Serving Clovis, Portales and the Surrounding Communities
The books listed below are now available for checkout at the Clovis-Carver Public Library. The library is open to the public, but patrons can still visit the online catalog at cloviscarverpl.booksys.net/opac/ccpl or call 575-769-7840 to request a specific item for curbside pickup.

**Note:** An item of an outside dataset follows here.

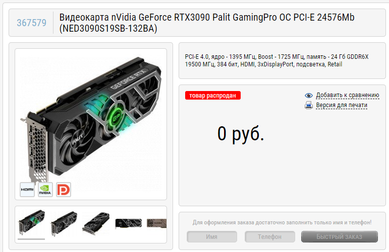 То, что случилось сегодня можно смело назвать чудом. Посудите сами, внезапно в Регарде появилась новая видеокарта GeForce RTX 3090 производства Palit, принадлежащая к серии GamingPro. Мы не знаем, сколько точно единиц было доступно для заказа, но цена оказалась довольно суровой: 167 100 рублей. Это без малого 2 140 долларов, что почти на 500 долларов больше, чем официальная стоимость данной модели. На самом деле сейчас никто не знает, что такое официальная цена, ведь даже партнёр MSI был замечен в перепродаже видеокарт GeForce RTX 3080 на Ebay.
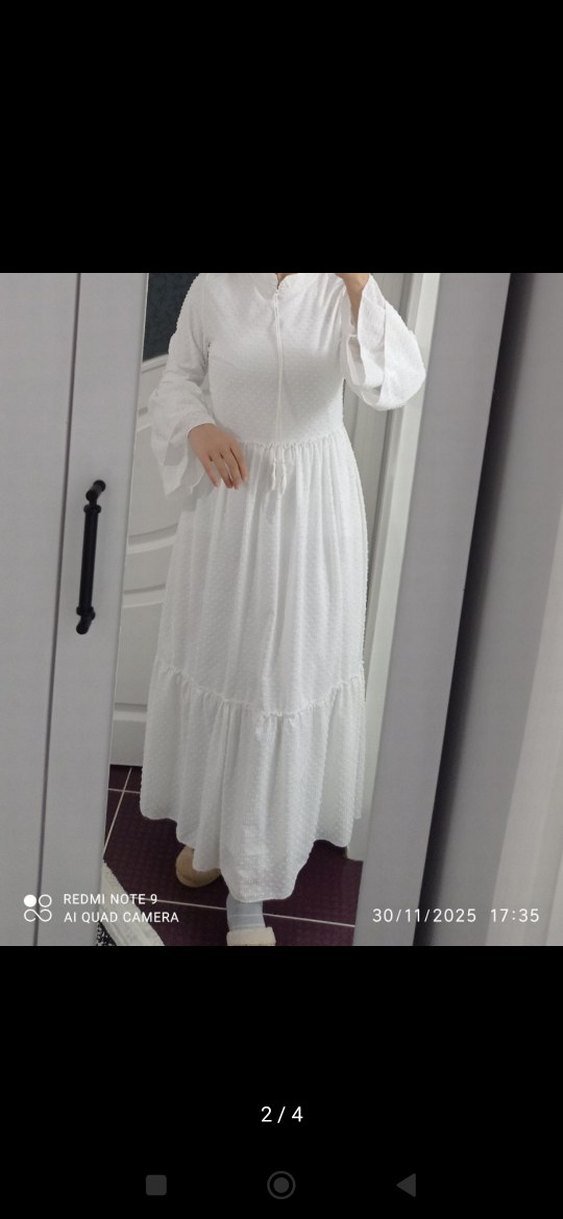 Beyaz uzun kollu pamuklu kumaştan, salaş kesim, fırfırlı detaylı, V yakalı bohem tarzda sade elbise. nikah ve bayramlarda giyilir , mütevazı ve minimalist.

“The Finder of Forgotten Things” by Sarah Loudin Thomas. It’s 1932 and Sullivan Harris is on the run. An occasionally successful dowser, he promised the people of Kline, West Virginia, that he would find them water. Postmistress Gainey Floyd is suspicious of Sulley’s abilities when he appears in her town but reconsiders after new wells fill with sweet water. Rather, it’s Sulley who grows uneasy when his success makes folks wonder if he can find more than water. He lights out to escape such expectations and runs smack into something worse. Hundreds of men have found jobs digging the Hawks Nest Tunnel--but what they thought was a blessing is killing them. Here, Sulley finds something new--a desire to help. With it, he becomes an unexpected catalyst, bringing Jeremiah and Gainey together to find what even he has forgotten: hope.
“The Address” by Fiona Davis. When a chance encounter with Theodore Camden, one of the architects of the grand New York apartment house the Dakota, leads to a job offer for Sara Smythe, her world is suddenly awash in possibility. One hundred years later, Bailey Camden is desperate for new opportunities. Bailey’s grandfather was the ward of famed architect Theodore Camden, yet Bailey won’t see a dime of the Camden family’s substantial estate. When her “cousin” Melinda offers to let Bailey oversee the renovation of her lavish Dakota apartment, Bailey jumps at the chance. But a building with a history as rich, and often as tragic, as the Dakota’s can’t hold its secrets forever, and what Bailey discovers inside could turn everything she thought she knew about Theodore Camden—and the woman who killed him—on its head.
“Give Unto Others” by Donna Leon. Brunetti is approached for a favor by Elisabetta Foscarini; her son-in-law, Enrico Fenzo, has alarmed his wife by confessing their family might be in danger because of something he’s involved with. Since Fenzo is an accountant, Brunetti logically suspects the cause of danger is related to the finances of a client. Yet his clients seem benign. However, when his friend’s daughter’s place of work is vandalized, Brunetti asks his own favors—that his colleagues Claudia Griffoni, Lorenzo Vianello, and Signorina Elettra Zorzi assist his private investigation, which soon enough turns official as they uncover the dark and Janus-faced nature of a venerable Italian institution.
“The Woodchip Handbook” by Ben Raskin. “The Woodchip Handbook” is the essential guide to the many uses of woodchip both in regenerative agriculture and horticulture. Author Ben Raskin, Head of Horticulture and Agroforestry at the Soil Association, draws on his extensive practical experience using woodchip, provides the latest research from around the world, and presents inspiring case studies from innovative farmers.
“Architects of an American Landscape” by Hugh Howard. Frederick Law Olmsted is widely revered as America’s first and finest park maker and environmentalist. Yet his close friend and sometime collaborator, Henry Hobson Richardson, has been almost entirely forgotten today, despite his outsized influence on American architecture. Individually they created much-beloved buildings and public spaces. Together they married natural landscapes with built structures in train stations and public libraries that helped drive the shift in American life from congested cities to developing suburbs across the country.
“River Kings” by Cat Jarman. An acclaimed bioarchaeologist, Catrine Jarman has used cutting-edge forensic techniques to spark her investigation into the history of the Vikings who came to rest in British soil. Told as a riveting history of the Vikings and the methods we use to understand them, this is a major reassessment of the fierce, often-mythologized voyagers of the North—and of the global medieval world as we know it.